● **WORK TO COMPLETE**: With pictures excluded, copy word for word the lines in the data below from the line containing "Adeline Floral Tasselled" through the line containing "本设计以乡村振兴为背景,旨在".

*** RECORDED DATA ***

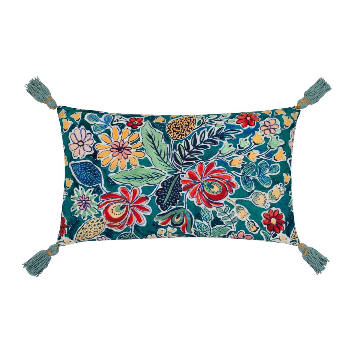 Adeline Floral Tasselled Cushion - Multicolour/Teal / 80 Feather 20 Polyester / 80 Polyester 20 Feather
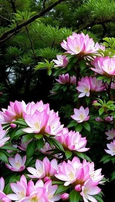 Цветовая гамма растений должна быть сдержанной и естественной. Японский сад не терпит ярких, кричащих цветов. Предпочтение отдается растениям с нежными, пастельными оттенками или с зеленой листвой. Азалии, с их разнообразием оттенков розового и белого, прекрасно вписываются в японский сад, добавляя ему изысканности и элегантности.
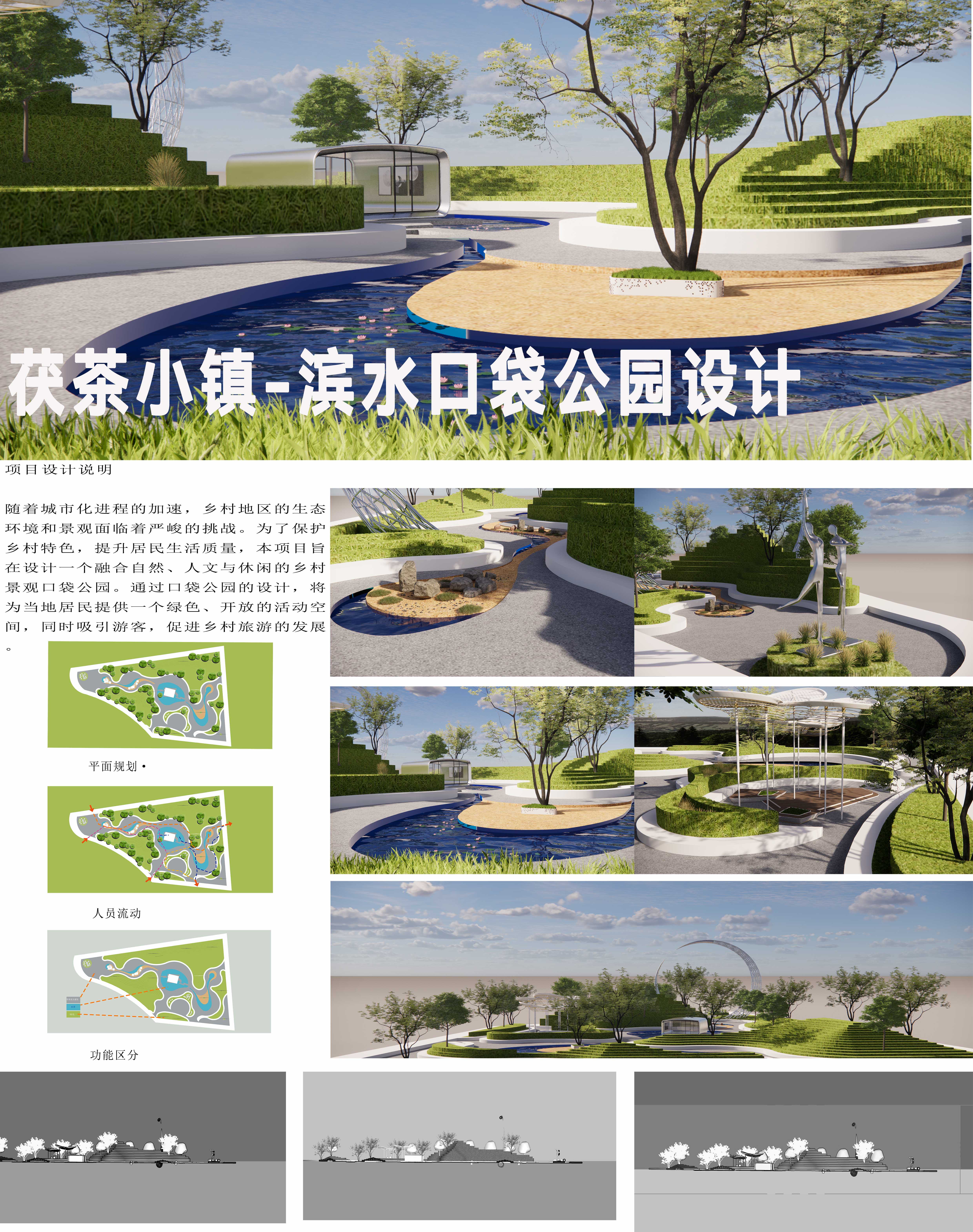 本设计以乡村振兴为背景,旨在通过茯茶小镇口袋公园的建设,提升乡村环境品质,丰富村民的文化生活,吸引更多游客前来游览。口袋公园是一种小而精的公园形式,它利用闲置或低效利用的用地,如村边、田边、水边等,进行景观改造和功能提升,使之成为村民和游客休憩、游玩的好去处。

***
*** RECORDED DATA ***

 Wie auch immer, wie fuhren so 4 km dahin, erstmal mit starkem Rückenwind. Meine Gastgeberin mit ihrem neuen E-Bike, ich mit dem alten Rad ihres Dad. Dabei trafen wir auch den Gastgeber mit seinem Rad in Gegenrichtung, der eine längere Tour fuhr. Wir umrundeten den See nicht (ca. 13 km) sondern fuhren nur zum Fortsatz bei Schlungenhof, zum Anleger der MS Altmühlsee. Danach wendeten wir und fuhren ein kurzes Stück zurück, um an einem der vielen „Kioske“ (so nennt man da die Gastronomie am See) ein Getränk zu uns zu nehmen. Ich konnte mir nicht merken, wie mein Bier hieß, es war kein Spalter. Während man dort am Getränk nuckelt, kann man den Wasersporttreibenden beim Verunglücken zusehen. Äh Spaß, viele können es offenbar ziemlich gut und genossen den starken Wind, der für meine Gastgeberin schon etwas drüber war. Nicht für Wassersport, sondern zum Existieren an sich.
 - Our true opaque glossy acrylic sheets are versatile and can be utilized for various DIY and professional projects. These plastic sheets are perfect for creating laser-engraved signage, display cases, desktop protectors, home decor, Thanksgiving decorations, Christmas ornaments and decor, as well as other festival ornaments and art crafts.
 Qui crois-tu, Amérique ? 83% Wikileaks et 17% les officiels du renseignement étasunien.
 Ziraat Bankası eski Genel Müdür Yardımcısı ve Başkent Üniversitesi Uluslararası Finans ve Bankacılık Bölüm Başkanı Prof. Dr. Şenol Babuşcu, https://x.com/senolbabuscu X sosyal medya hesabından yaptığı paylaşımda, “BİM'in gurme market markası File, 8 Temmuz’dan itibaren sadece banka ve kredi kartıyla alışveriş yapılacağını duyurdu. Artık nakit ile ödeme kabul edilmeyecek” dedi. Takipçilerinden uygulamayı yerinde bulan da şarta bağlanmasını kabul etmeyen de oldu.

***
*** RECORDED DATA ***

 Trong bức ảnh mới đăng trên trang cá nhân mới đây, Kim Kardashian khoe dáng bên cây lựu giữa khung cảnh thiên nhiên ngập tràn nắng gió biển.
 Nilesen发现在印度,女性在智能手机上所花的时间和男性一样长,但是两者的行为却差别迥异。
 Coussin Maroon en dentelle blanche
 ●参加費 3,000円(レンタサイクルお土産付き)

***

● **PROBLEM SOLUTION**:
 Adeline Floral Tasselled Cushion - Multicolour/Teal / 80 Feather 20 Polyester / 80 Polyester 20 Feather
 Цветовая гамма растений должна быть сдержанной и естественной. Японский сад не терпит ярких, кричащих цветов. Предпочтение отдается растениям с нежными, пастельными оттенками или с зеленой листвой. Азалии, с их разнообразием оттенков розового и белого, прекрасно вписываются в японский сад, добавляя ему изысканности и элегантности.
 本设计以乡村振兴为背景,旨在通过茯茶小镇口袋公园的建设,提升乡村环境品质,丰富村民的文化生活,吸引更多游客前来游览。口袋公园是一种小而精的公园形式,它利用闲置或低效利用的用地,如村边、田边、水边等,进行景观改造和功能提升,使之成为村民和游客休憩、游玩的好去处。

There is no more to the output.